Precisely. This is why the bogeyman of collect now, decrypt later is within epsilon of bogus for many deltas. 

It's not even like that is a new thing. Back in the idealized era of Enigma/Lorentz decryptions, one of the major tasks was not decrypting messages so much as finding things worth decrypting. Decrypting the morning weather report isn't particularly useful. As usual, traffic analysis is key. Now to be fair, many of those 7 trillion keys are people reading the newspaper or social media, and easily trimmed away. And there are keys that we can identify as keystones that open up other things. Among my personal museum things is a paper tape that is an old Lorentz intercept that no one ever bothered to decrypt. I haven't, either. 

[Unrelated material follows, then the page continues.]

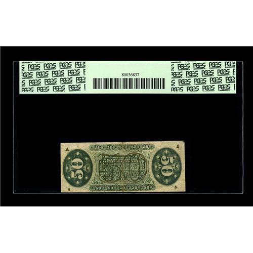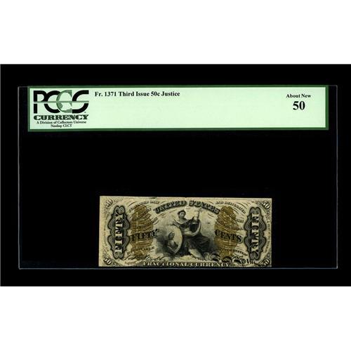 <B>Fr. 1371 50¢ Third Issue Justice PCGS About New 50.</B></I> A very rare Justice note, with fewer than 20 examples known in all grades combined. "1" and "a" Fiber Paper Justices are classically rare, and on many of the handful of known notes, either the "1" or the "a" is weakly printed. On this example, both are razor sharp and can be seen at a glance. This one also has better-than-normal centering with large margins at the top and the left--the right and bottom margins just touch the design. The note also has bright bronze and much of the look of a Choice New example. It's held from that grade by a single vertical center fold.<BR><I>From The Bill and Kathy Stella Currency Collection</B></I><BR><BR><b>Shipping:</b> Coin/Currency (<a target="_blank" href="http://www.heritageauctions.com/common/shipping.php">view shipping information</a>)

A person I know was recently helping a family get information artifacts from someone who had died. The gist of the tale was that they had no way to get a phone's six-digit PIN code. They could get to all sorts of important things once they got control of the deceased's gmail account, because the lost-password recovery flow loops to the email account. Nonetheless there were a number of things they just couldn't get to because it required the phone's PIN. There are two morals of the story. One is directly relevant here, and it's that it might actually be worth cracking the login password or phone PIN of some person, because that unlocks everything else. Password managers make this even more true. The other is that people should consider making sure that a few common passwords/PINs are kept along with one's will.

> 
> Oh, and that's for integer factorisation, not (EC)DLP, so not actually useful
> for attacking the shopping list of common crypto protocols I mentioned
> earlier.

Clearly work needs to be done on how to create magic trick elliptic curve keys. We should do that sometime.